# What is required:
Restate the whole listing below word for word and keep the images out.

# Input data:
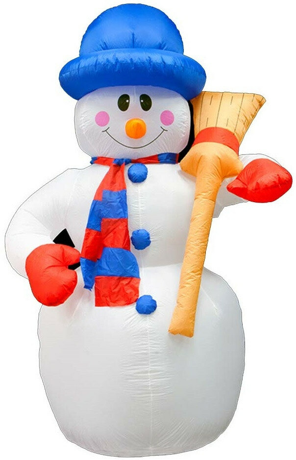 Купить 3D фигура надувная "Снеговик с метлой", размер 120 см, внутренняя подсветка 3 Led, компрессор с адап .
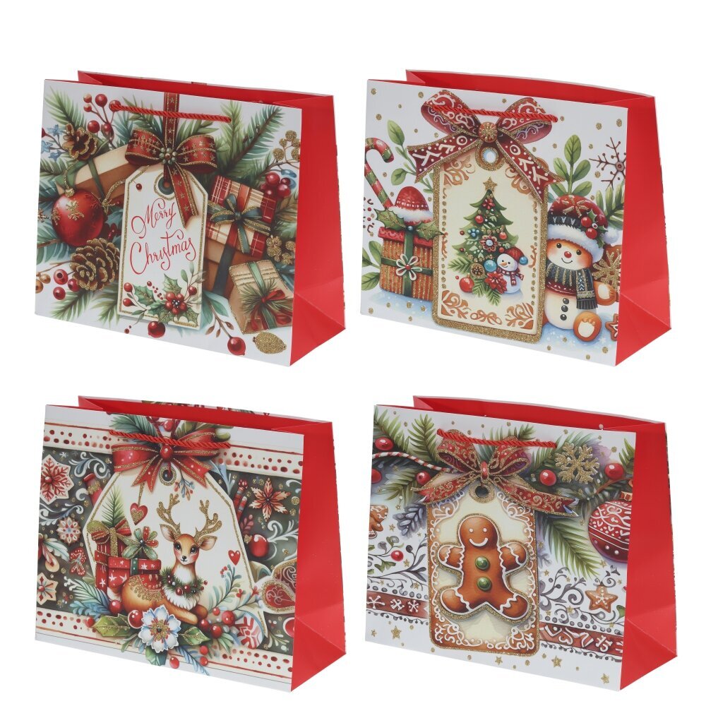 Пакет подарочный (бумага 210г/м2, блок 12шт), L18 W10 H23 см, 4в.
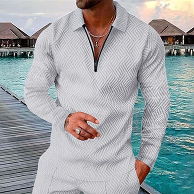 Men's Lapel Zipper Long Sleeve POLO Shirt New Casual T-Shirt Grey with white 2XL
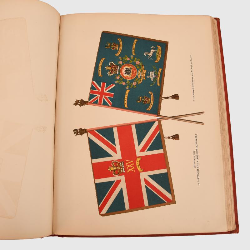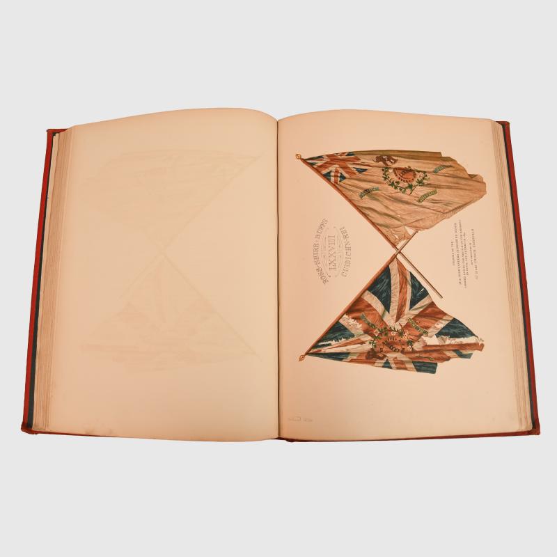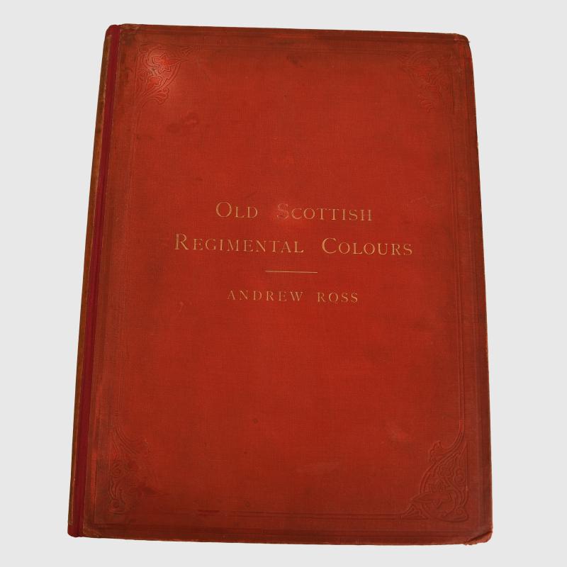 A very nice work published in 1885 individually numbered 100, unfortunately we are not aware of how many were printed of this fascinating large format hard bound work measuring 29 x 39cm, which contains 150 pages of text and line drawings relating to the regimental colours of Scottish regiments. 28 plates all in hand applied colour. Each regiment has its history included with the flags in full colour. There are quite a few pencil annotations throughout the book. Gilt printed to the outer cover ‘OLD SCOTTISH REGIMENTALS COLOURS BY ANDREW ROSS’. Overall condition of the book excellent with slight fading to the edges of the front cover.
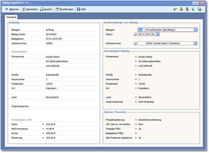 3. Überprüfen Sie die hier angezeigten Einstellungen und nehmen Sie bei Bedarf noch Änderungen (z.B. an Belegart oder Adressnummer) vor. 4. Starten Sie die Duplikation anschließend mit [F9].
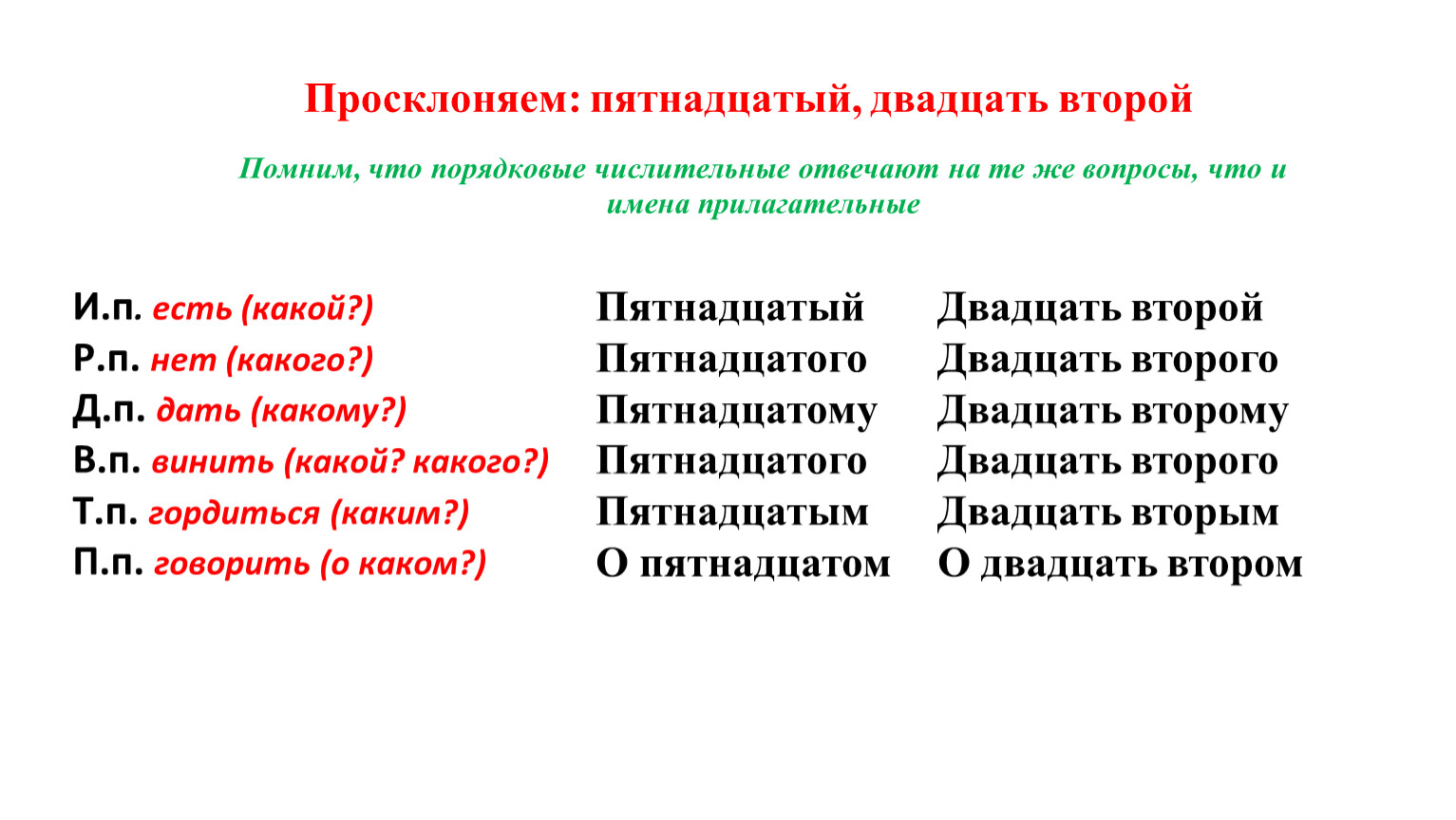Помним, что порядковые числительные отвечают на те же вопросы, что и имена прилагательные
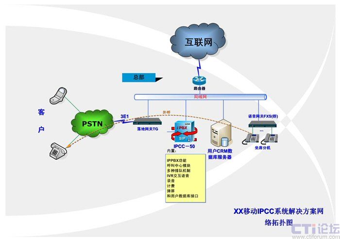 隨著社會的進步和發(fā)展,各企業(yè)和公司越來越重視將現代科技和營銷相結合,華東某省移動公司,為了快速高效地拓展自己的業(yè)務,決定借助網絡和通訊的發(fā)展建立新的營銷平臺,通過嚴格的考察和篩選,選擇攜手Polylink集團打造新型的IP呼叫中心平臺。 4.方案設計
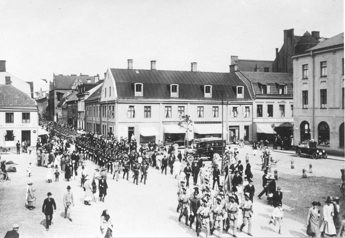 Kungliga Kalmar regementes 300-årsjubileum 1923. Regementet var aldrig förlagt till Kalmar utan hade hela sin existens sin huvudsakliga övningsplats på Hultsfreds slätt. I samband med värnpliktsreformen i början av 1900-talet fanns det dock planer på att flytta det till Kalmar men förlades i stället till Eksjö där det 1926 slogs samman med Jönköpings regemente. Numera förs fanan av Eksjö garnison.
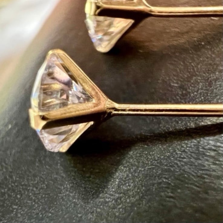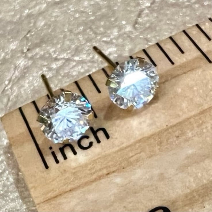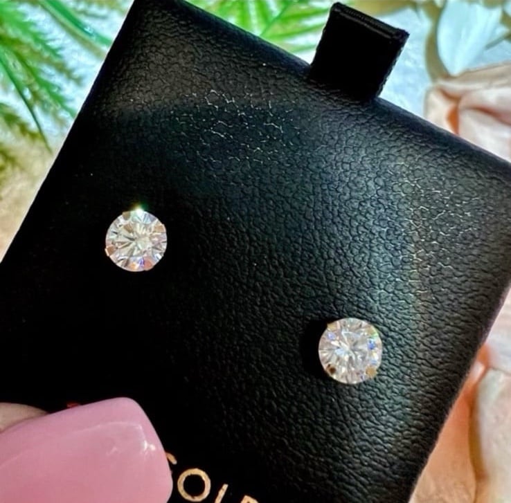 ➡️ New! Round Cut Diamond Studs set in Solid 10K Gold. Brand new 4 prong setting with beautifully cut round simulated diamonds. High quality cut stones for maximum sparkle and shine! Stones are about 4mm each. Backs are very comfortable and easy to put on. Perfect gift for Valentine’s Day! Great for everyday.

# Completed task:
 Купить 3D фигура надувная "Снеговик с метлой", размер 120 см, внутренняя подсветка 3 Led, компрессор с адап .
 Пакет подарочный (бумага 210г/м2, блок 12шт), L18 W10 H23 см, 4в.
 Men's Lapel Zipper Long Sleeve POLO Shirt New Casual T-Shirt Grey with white 2XL
 A very nice work published in 1885 individually numbered 100, unfortunately we are not aware of how many were printed of this fascinating large format hard bound work measuring 29 x 39cm, which contains 150 pages of text and line drawings relating to the regimental colours of Scottish regiments. 28 plates all in hand applied colour. Each regiment has its history included with the flags in full colour. There are quite a few pencil annotations throughout the book. Gilt printed to the outer cover ‘OLD SCOTTISH REGIMENTALS COLOURS BY ANDREW ROSS’. Overall condition of the book excellent with slight fading to the edges of the front cover.
 3. Überprüfen Sie die hier angezeigten Einstellungen und nehmen Sie bei Bedarf noch Änderungen (z.B. an Belegart oder Adressnummer) vor. 4. Starten Sie die Duplikation anschließend mit [F9].
Помним, что порядковые числительные отвечают на те же вопросы, что и имена прилагательные
 隨著社會的進步和發(fā)展,各企業(yè)和公司越來越重視將現代科技和營銷相結合,華東某省移動公司,為了快速高效地拓展自己的業(yè)務,決定借助網絡和通訊的發(fā)展建立新的營銷平臺,通過嚴格的考察和篩選,選擇攜手Polylink集團打造新型的IP呼叫中心平臺。 4.方案設計
 Kungliga Kalmar regementes 300-årsjubileum 1923. Regementet var aldrig förlagt till Kalmar utan hade hela sin existens sin huvudsakliga övningsplats på Hultsfreds slätt. I samband med värnpliktsreformen i början av 1900-talet fanns det dock planer på att flytta det till Kalmar men förlades i stället till Eksjö där det 1926 slogs samman med Jönköpings regemente. Numera förs fanan av Eksjö garnison.
 ➡️ New! Round Cut Diamond Studs set in Solid 10K Gold. Brand new 4 prong setting with beautifully cut round simulated diamonds. High quality cut stones for maximum sparkle and shine! Stones are about 4mm each. Backs are very comfortable and easy to put on. Perfect gift for Valentine’s Day! Great for everyday.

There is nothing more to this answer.